Autonomes Fahren steht für Fortschritt und die Mobilität der Zukunft. Wenn München ab 2026 zum Testfeld für Robotaxis wird, entscheidet sich, ob diese Zukunft inklusiv wird oder bestehende Ungleichheiten einfach digital fortschreibt.

Symbolisches München-Straßenmotiv im warmen Abendlicht mit einem Radfahrer, einer Frau mit Kinderwagen und einem Mann mit Rollator vor einem Robotaxi auf einem Zebrastreifen.sondern Fokus auf Vielfalt und Teilhabe.

Uber und Momenta haben Anfang September 2025 auf der IAA MOBILITY angekündigt, ab 2026 in München Level-4-Robotaxis zu testen. Fahrzeuge, die unter definierten Bedingungen vollständig ohne menschliches Eingreifen fahren können. München wird damit die erste kontinentaleuropäische Stadt, in der beide Unternehmen ihre Technologie öffentlich erproben.

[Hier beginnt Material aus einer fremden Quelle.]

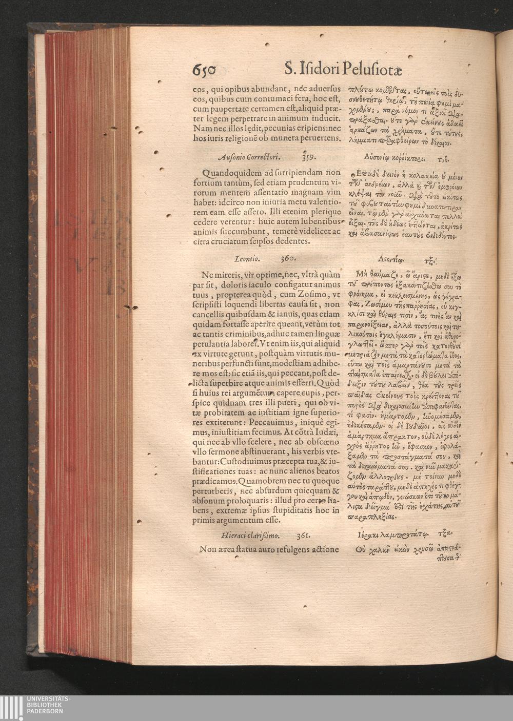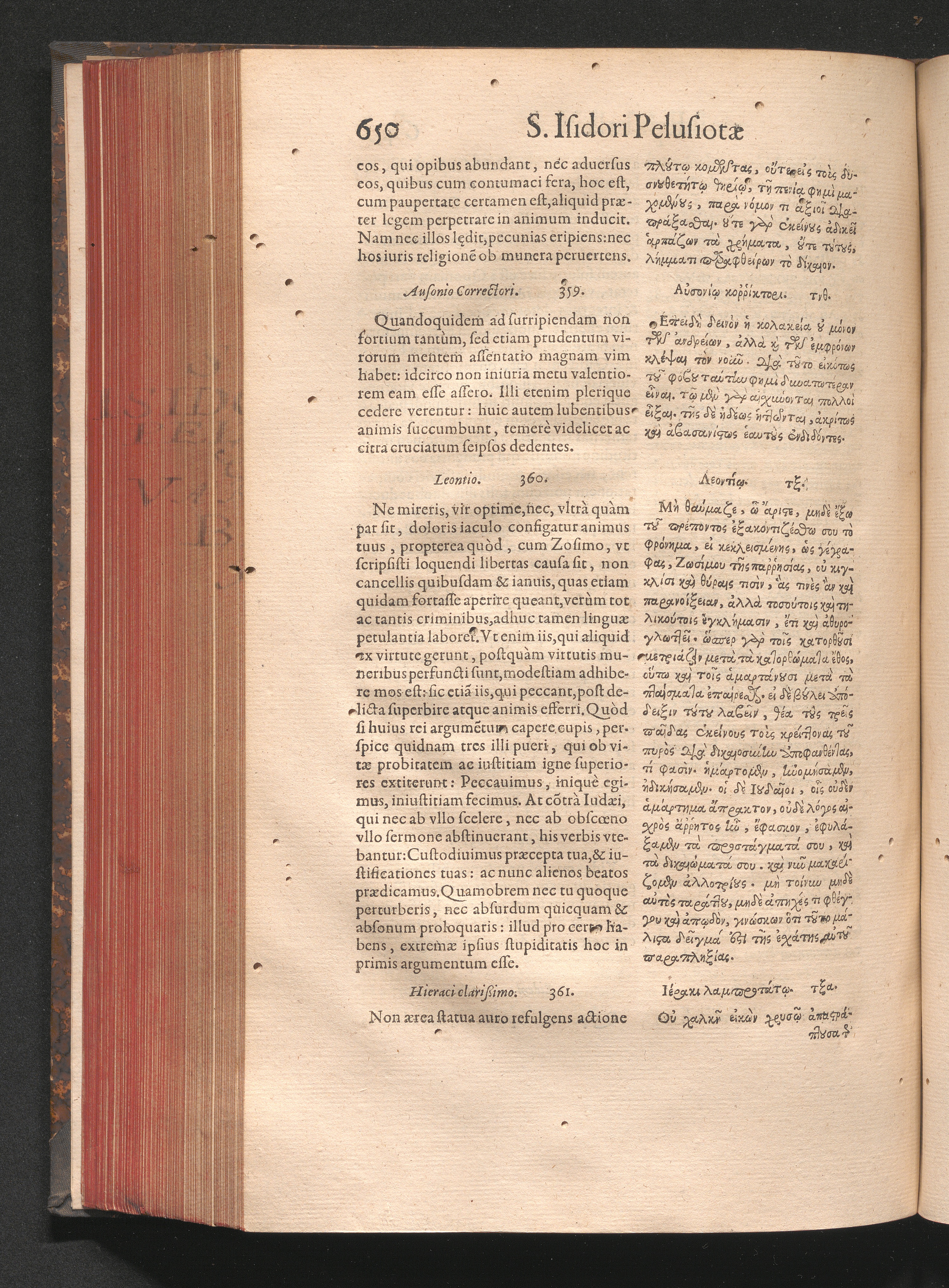 Epistolai tu hagiu Isidōru tu Pēlusiōtu / Quibus è regione accessit latina Clariss. viri Iacobi Billii Prunęi, S. Michaëlis in Eremo quondam Cœnobiarchæ, interpretatio

Die Erwartungen sind hoch. Xudong Cao, CEO von Momenta, spricht von einer "Transformation urbaner Mobilität" und einem "neuen Kapitel im reichen automobilen Erbe der Region". Uber-Chef Dara Khosrowshahi betont, dass Deutschland die globale Automobilindustrie über ein Jahrhundert lang geprägt habe – und München nun helfen werde, "die Zukunft mit autonomen Fahrzeugen mitzugestalten".

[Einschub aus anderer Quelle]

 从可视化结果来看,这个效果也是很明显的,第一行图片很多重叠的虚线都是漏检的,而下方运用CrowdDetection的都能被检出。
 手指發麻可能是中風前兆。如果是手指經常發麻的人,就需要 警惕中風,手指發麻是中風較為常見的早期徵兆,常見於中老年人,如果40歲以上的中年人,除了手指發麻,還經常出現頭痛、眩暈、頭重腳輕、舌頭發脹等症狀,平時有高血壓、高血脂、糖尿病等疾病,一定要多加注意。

Doch so ambitioniert diese Vision klingt – Technik allein reicht nicht. Die entscheidende Frage lautet: Wird diese Zukunft inklusiv gestaltet, oder reproduziert sie bestehende Bias und schließt Menschen aus?


Wenn Algorithmen Lücken haben

Ein autonomes System ist nur so gut wie die Daten und Perspektiven, mit denen es entwickelt wurde. Wenn Entwicklungsteams homogen zusammengesetzt sind – was in der Tech-Branche nach wie vor die Regel ist – entstehen systematische blinde Flecken. Diese betreffen nicht nur technische Details, sondern grundlegende Fragen der Teilhabe.


Ein Screenshot eines Blogartikels mit einem Bild eines humanoiden Roboters, der in einem grünen Auto am Steuer sitzt. Darunter der Titel „Bias auf der Überholspur: KI in der Mobilität ist nicht…“ sowie das Veröffentlichungsdatum „12. Mai“ und die geschätzte Lesezeit „4 Min.“.
In diesem Blogartikel geht es um den Einfluss von Künstlicher Intelligenz auf die Mobilität.

Wie reagiert das System zum Beispiel auf Menschen mit Rollstuhl oder Rollator?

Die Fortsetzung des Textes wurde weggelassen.